Las Vegas Sun

June 18, 2024

Location of NLV prison draws fire

NORTH LAS VEGAS -- The proposed construction of a women's prison near residential neighborhoods and an elementary school site has come down to a showdown between homeowners and the North Las Vegas City Council.

Mike Montandon, president of the Hidden Canyon Homeowners Association, said many residents from the 615-home community were surprised to learn that a 400-bed women's prison could be built on 25 acres on the northeast corner of Commerce Street and Gowan Road, north of Cheyenne Avenue.

The prison is to be located a third of a mile from another nearby neighborhood and a quarter of a mile from the future site of an elementary school.

"It is very close to this school, and the residents didn't have a chance to voice their opinions," Montandon said. "We've got to find a better way to buffer industrial areas from residents. In my opinion, this prison is not the answer."

Don Brown, development director for the North Las Vegas Planning Commission, said notices were sent to residents in the area. But when Montandon walked through the community and talked to residents, he said none remembered being notified.

Montandon appealed the Planning Commission's prison-site approval. The North Las Vegas City Council will listen to public discussions beginning at 7 p.m. Wednesday and vote on whether to approve the site.

Montandon said he and other residents aren't opposed to the women's prison being built in North Las Vegas. They just think it should be located farther from residential areas.

Management and Training Corp., a private corporation from Ogden, Utah, is one of seven bidders hoping to win the prison contract from the Nevada Department of Prisons. MTC is the only company so far seeking to build the facility in North Las Vegas. The other bidders are suggesting areas near the city, Brown said.

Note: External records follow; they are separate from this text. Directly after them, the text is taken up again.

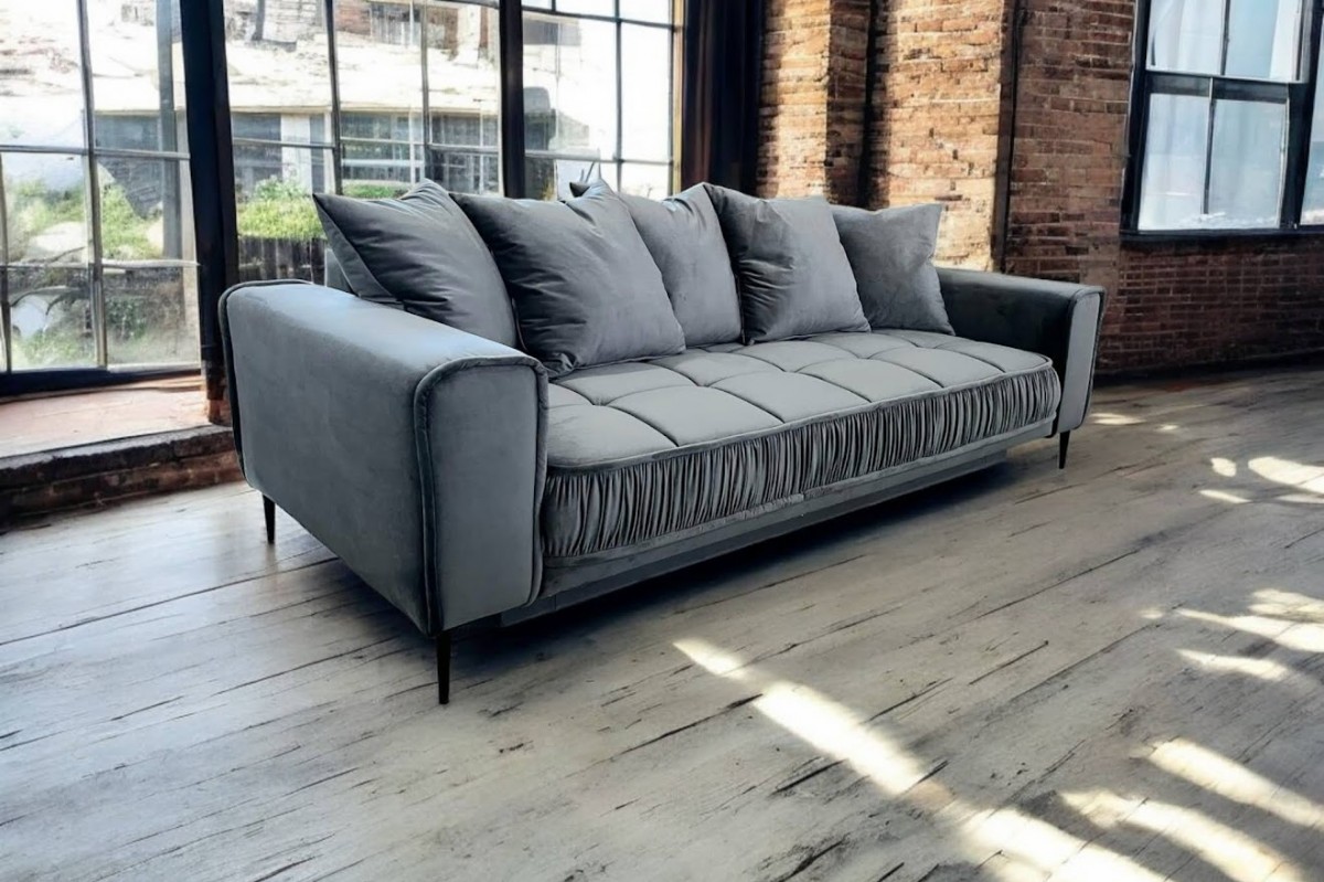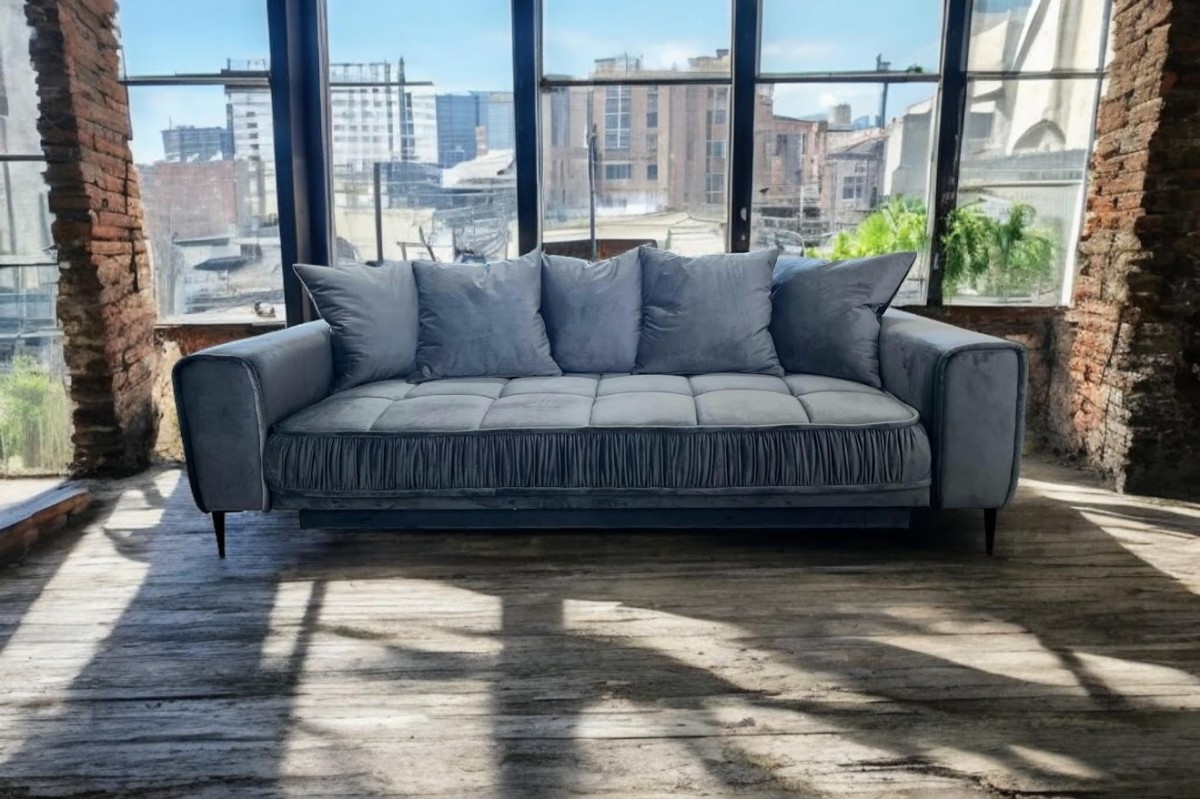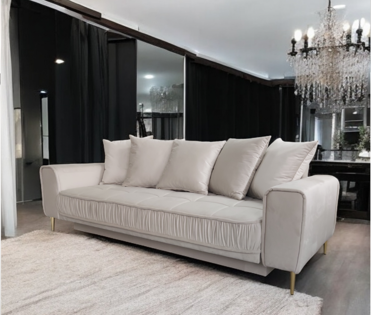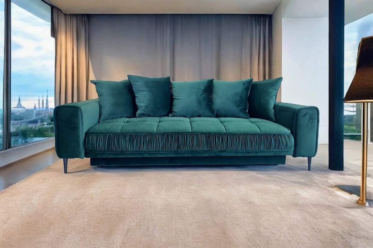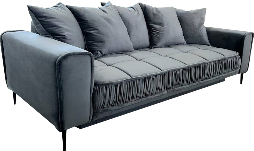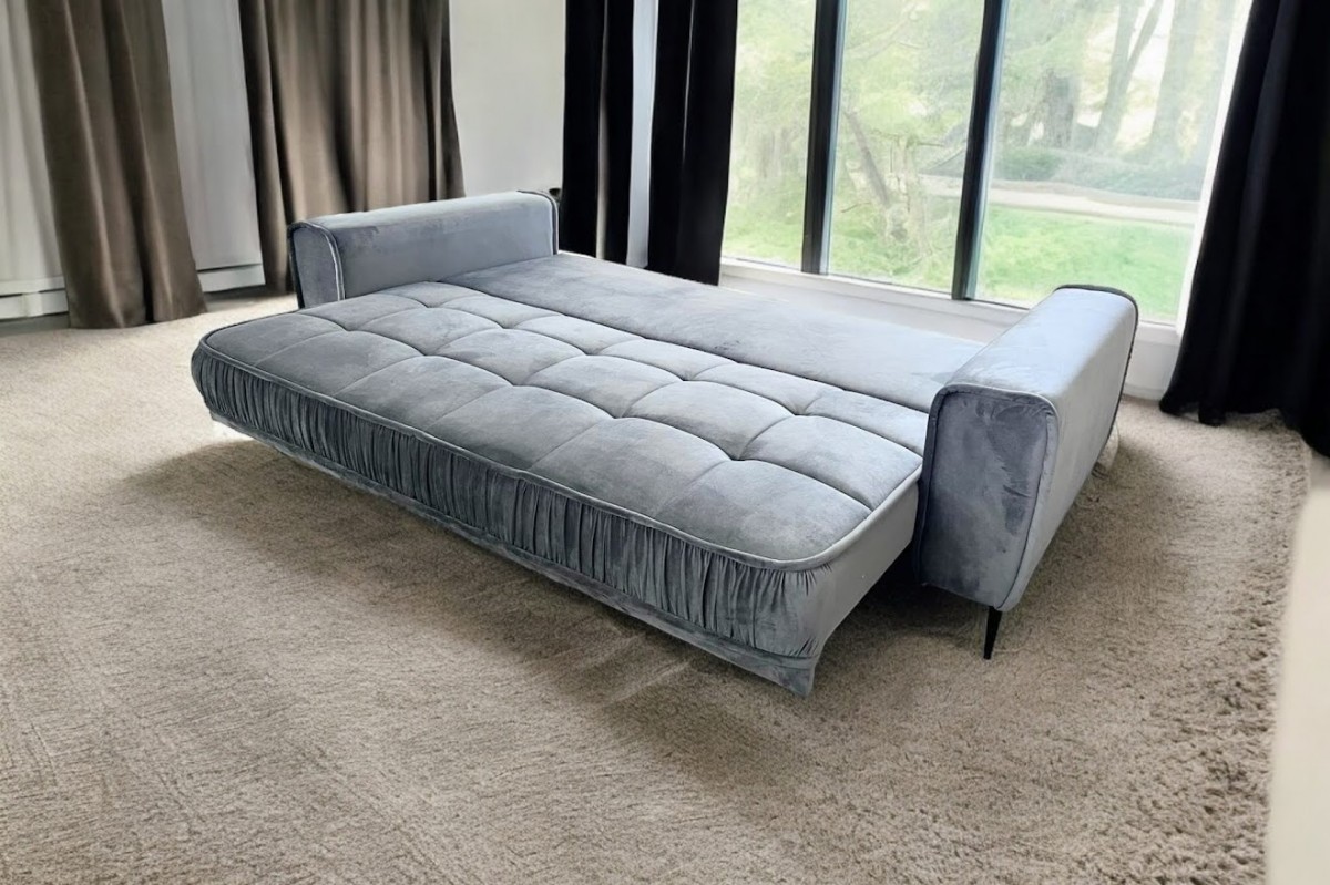 Siedzisko odkładamy do przodu (pod siedziskiem pojemnik) > oparcie kładziemy > gotowe, sofa rozłożona do spania.
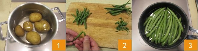 To make the Ligurian meatloaf, first thoroughly wash and then boil the potatoes for 40 minutes, starting with cold water 1; cook until they are soft when pierced with the prongs of a fork, the timing may vary depending on the size of the potatoes. Wash and trim the green beans 2, then cook them separately in a pot with water for about 25 minutes 3, always starting with cold water. They should be tender by the end of cooking without falling apart.
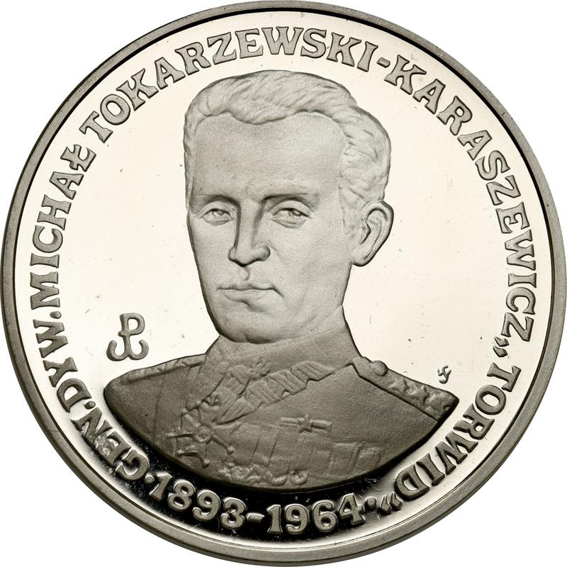 Find out the current coin value of the Polish 200000 Zlotych 1991 "Michal Tokarzewski-Karaszewicz 'Torvid'" with mark MW. This silver coin from the times of III Republic before denomination struck at the Warsaw Mint. Wondering how much a coin like this is worth? The record price belongs to the lot 3031 sold at the Stary Sklep auction for PLN 260. Bidding took place October 14, 2023.
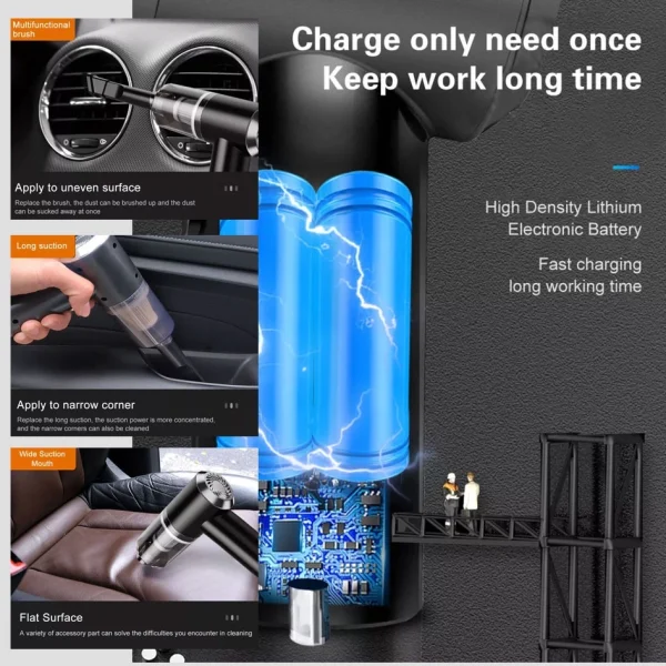 It is equipped with a 2000MAH rechargeable lithium battery that takes only 3-4 hours to fully charge and maintains a super clean time for more than 20 minutes.(Cannot continue to use for MORE THAN 30 MINUTES, otherwise it will BURN OUT the motor easily.)⚠NOTE: When charging the vacuum cleaner, you must keep the vacuum cleaner switch off.

"We suggested the area (zoned for general industry), but we did not specify this lot," Brown said. "If this group is sincere in providing a facility for the state of Nevada, we suggest not building it near a residential area."

But a relocation may be too late, according to Bernie Diamond, senior vice president of MTC. Howard Skolnik, assistant director of the Department of Prisons, said the $15 to $17 million project has to be completed by March 1, 1997. Diamond said MTC doesn't have enough time to find another site.

"People fear the unknown," Diamond said. "They think there will be gun towers there. Research shows that property values actually go up near a prison."

Diamond said MTC built a prison half a mile from a school in California, and there have never been any problems. He said his company would be penalized $25,000 per person in the event of an escape.

Skolnik said the Department of Prisons suggests that prisons not be built less than half a mile from schools and away from residential areas. But these are only suggestions, he said, and the only requirements are that police and fire stations and a hospital be nearby.

"They will have to build a prison that's acceptable to the community," Skolnik said. "Proposals must be submitted by March 1."

MTC has built and operated prisons in California, Texas, Arizona and Utah. The women's prison is expected to create 100 full-time jobs in administration, programming, security and business and finance. It should generate about $6 million annually in payroll, MTC says.

"We will hire locally more than 90 percent, and we will purchase supplies locally as much as we can," Diamond pledged.

Jackie Crawford, who will be director of prison operations, said residents have nothing to fear from a prison being located in their neighborhood. She said the women, who will be spending from 28 to 36 months in the prison, are very docile once they have been removed from their criminal environment.

"We would not do anything to endanger the community," Crawford said. "People (undesirable visitors) do not hang around prisons. There will be security that will patrol the roads and fenced-in areas."

Crawford said the women's prison will house felony offenders, with the offenses breaking down this way: drugs, 40 percent; property, 36 percent; and crimes against persons, 24 percent.

The prison hopes to work with criminology students from Community College of Southern Nevada, Crawford said. Inmates will be given instructions in basic remedial education, GED preparation and testing, employment skills, substance and alcohol abuse, parent and child counseling and vocational training.